Some professional services firms make the lame claim that their differentiation is their people. Let’s face it, all people are different, but good and great and kind and generous and community-spirited and glamorous and well-connected and committed and ethical and friendly folk are in just about every professional services firm.
Here’s what our research reveals as powerful differentiators which corporate and institutional clients can both discern and regard as important.
Most importantly, this cluster of six differentiators drives their buying behaviour.
- Understanding the client and their business – not just superficially, but intimately.
- Always putting the client’s interests first.

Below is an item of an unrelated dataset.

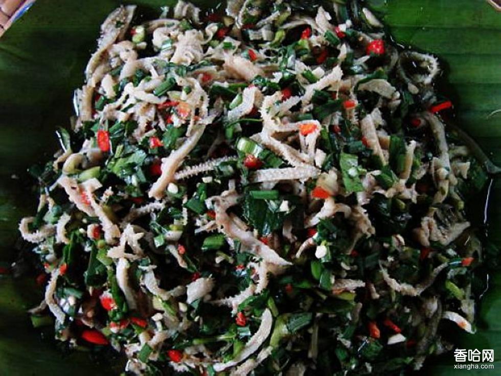 在殺牛前一個(gè)多小時(shí),給牛喂一些傣鄉(xiāng)特有的野草——五加葉和香辣蓼草。五加葉因?yàn)橹苓呴L刺,所以也叫刺五加,是一種清涼、味苦的中草藥。香辣蓼草葉型似辣椒葉,味道又辣又苦,具有殺菌的功效。牛開膛后,把牛肚洗凈,放在開水里燙兩分鐘,撈出來后快速刮洗干凈,切成條,然后放佐料;從牛胃里取出初步消化的草汁,跟牛肚拌在一起,再加上其他佐料:小米辣、花椒面、花生末、八角、草果面、味精、鹽;再放一些新鮮的切細(xì)了的五加葉和香辣蓼草,拌上從山里采來的野香蔥——牛撒撇就制成了。對了,還要加上另一種你無法想象的東西:牛的小腸里的一種很苦的汁水。加了這種苦水的牛撒撇才是風(fēng)味最地道的牛撒撇。

- Delivering value for money – and being accountable for results and outcomes connected with their investment in your work.
- Your strong commitment to help – enthusiastic support for them, willingness to work with them to realise their purpose, and never shying away from the task.
- Ease of dealings and communicating well – making it comfortable for them.
- Flexibility – doing it their way and accommodating client needs and changes.
There is a second cluster of differentiators of professional services firms which clients also detect.
For most clients surveyed, these differentiators are less closely linked to their current buying behaviour and intentions regarding selection of future professional services providers.
- Technical expertise – mostly a given, however, in rare areas, this is the key differentiator.
- Technology – nice to have, but not core to most service segments.
- Brand, profile, and reputation – many brands are acceptable to most of these consumers and reputation impacts more in the negative than positive.
- Range of services – the quest of so many professional services firms for the “one stop shop” is not valued by many large consumers.
- Wide geographical reach – highly relevant only to a restricted subset of these clients.
- Quality systems – clients mostly can’t tell whether they make any difference at all but think they’re probably a good thing.
The lesson: if you want meaningful differentiation, focus your efforts on the first six items which we find closely link to buying behaviour among corporate and institutional clients.